### [BRIEF]
When the line containing "This bar table" appears in the entries below, begin printing there and stop after the line containing "マンガによく用いられる擬音語"; print each of those lines exactly and no other line.

### [DATA IN THIS EXERCISE]
=-=-=

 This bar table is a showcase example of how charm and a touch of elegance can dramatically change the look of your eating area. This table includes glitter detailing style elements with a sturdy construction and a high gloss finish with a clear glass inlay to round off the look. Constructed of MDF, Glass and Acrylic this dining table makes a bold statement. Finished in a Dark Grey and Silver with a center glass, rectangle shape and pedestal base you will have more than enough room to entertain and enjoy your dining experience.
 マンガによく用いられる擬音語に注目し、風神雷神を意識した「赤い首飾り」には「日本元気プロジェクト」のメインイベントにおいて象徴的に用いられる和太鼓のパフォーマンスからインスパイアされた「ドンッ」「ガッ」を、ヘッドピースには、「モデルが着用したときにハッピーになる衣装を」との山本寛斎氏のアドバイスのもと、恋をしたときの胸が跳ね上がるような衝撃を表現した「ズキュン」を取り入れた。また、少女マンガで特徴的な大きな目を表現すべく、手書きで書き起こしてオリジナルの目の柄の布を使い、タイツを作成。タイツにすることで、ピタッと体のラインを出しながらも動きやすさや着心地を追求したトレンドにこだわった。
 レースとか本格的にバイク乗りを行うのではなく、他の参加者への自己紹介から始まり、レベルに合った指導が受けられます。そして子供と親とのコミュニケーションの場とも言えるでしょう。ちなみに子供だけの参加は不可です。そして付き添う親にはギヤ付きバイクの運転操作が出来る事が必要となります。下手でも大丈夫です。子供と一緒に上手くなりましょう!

=-=-=

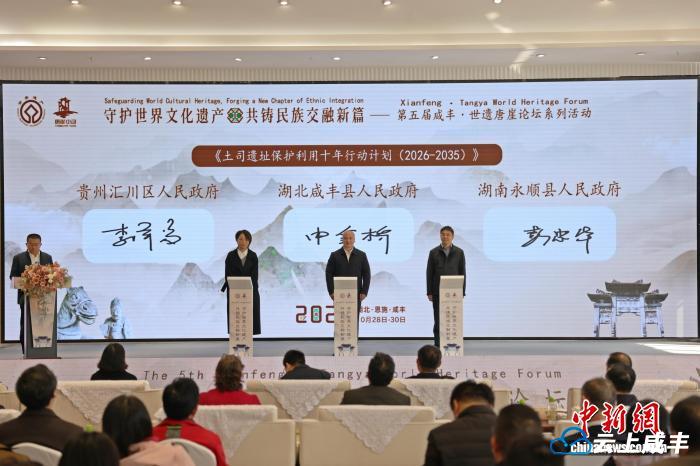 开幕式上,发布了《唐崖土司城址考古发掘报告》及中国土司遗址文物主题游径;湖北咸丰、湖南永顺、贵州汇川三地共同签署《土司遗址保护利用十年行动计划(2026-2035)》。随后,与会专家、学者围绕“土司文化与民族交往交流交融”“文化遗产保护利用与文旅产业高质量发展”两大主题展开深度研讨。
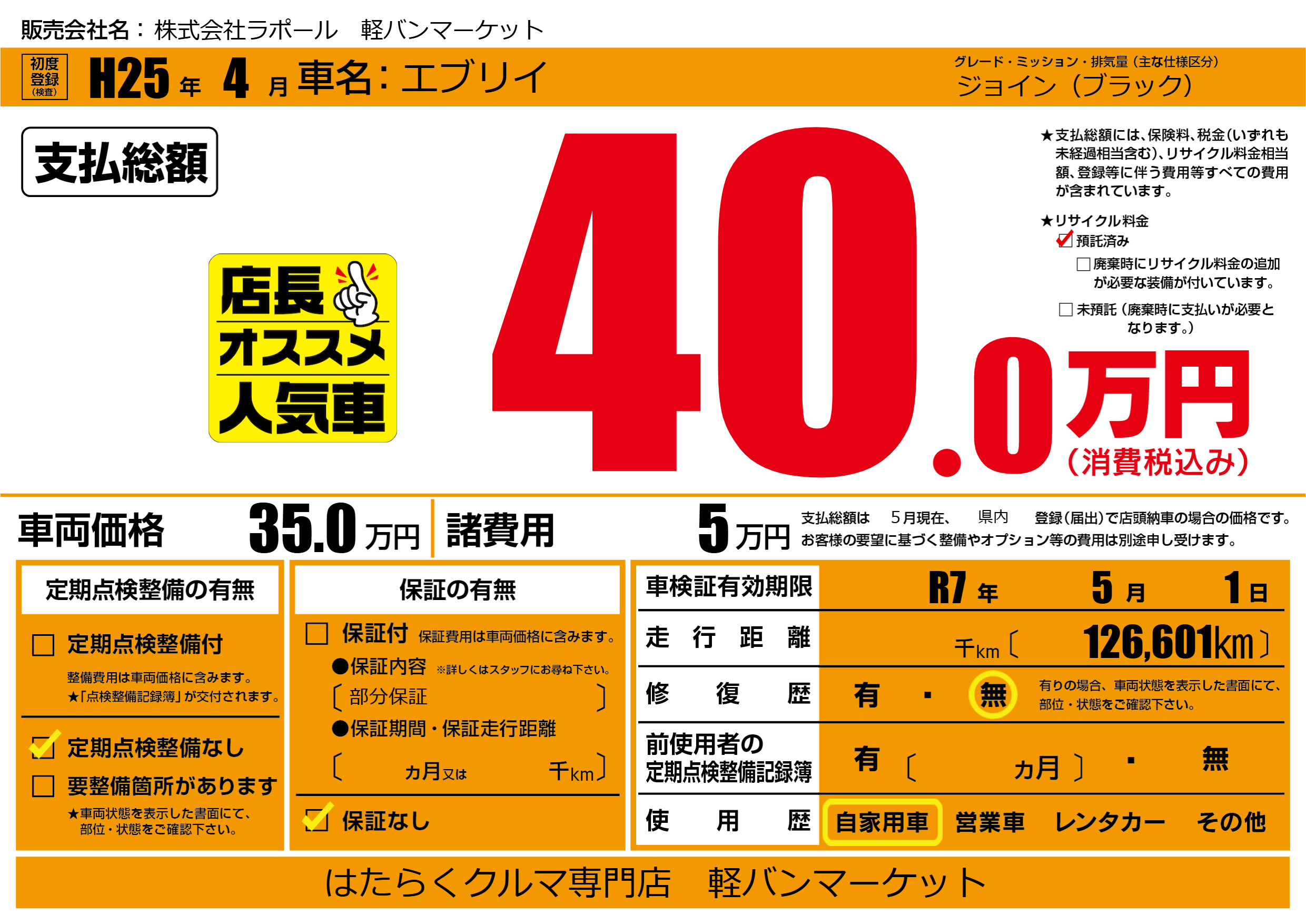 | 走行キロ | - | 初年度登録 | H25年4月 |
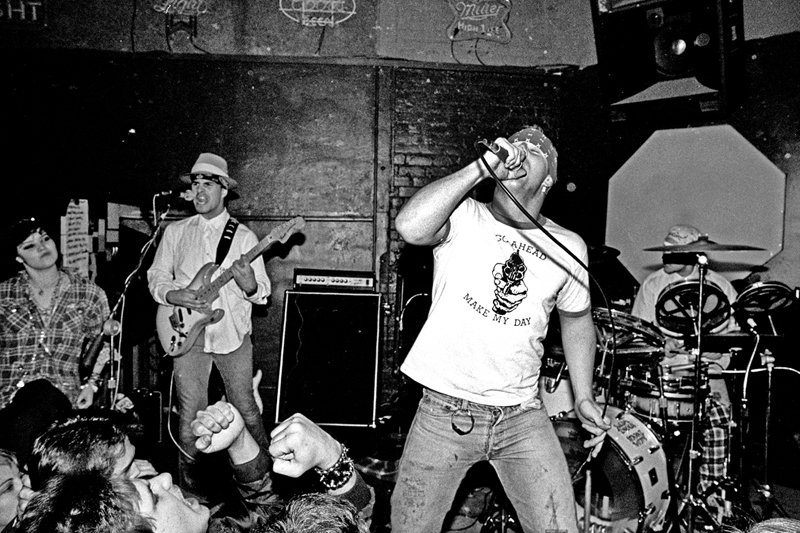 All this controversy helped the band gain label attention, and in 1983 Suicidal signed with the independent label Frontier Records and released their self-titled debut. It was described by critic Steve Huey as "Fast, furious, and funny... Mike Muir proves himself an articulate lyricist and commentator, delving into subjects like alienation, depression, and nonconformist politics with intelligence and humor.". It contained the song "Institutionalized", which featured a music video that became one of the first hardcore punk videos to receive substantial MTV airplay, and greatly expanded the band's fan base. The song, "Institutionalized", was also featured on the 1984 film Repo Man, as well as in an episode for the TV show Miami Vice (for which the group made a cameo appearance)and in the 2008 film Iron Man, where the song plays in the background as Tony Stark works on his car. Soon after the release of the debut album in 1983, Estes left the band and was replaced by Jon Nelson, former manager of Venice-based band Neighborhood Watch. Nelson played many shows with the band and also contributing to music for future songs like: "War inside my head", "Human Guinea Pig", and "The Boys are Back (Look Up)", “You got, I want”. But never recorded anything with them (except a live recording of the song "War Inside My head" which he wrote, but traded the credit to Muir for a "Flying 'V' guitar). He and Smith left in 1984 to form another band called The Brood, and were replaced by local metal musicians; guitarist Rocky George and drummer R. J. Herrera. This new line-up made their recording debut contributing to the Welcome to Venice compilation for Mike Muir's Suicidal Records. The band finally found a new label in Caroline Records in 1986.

=-=-=

### [TASK ANSWER]
 This bar table is a showcase example of how charm and a touch of elegance can dramatically change the look of your eating area. This table includes glitter detailing style elements with a sturdy construction and a high gloss finish with a clear glass inlay to round off the look. Constructed of MDF, Glass and Acrylic this dining table makes a bold statement. Finished in a Dark Grey and Silver with a center glass, rectangle shape and pedestal base you will have more than enough room to entertain and enjoy your dining experience.
 マンガによく用いられる擬音語に注目し、風神雷神を意識した「赤い首飾り」には「日本元気プロジェクト」のメインイベントにおいて象徴的に用いられる和太鼓のパフォーマンスからインスパイアされた「ドンッ」「ガッ」を、ヘッドピースには、「モデルが着用したときにハッピーになる衣装を」との山本寛斎氏のアドバイスのもと、恋をしたときの胸が跳ね上がるような衝撃を表現した「ズキュン」を取り入れた。また、少女マンガで特徴的な大きな目を表現すべく、手書きで書き起こしてオリジナルの目の柄の布を使い、タイツを作成。タイツにすることで、ピタッと体のラインを出しながらも動きやすさや着心地を追求したトレンドにこだわった。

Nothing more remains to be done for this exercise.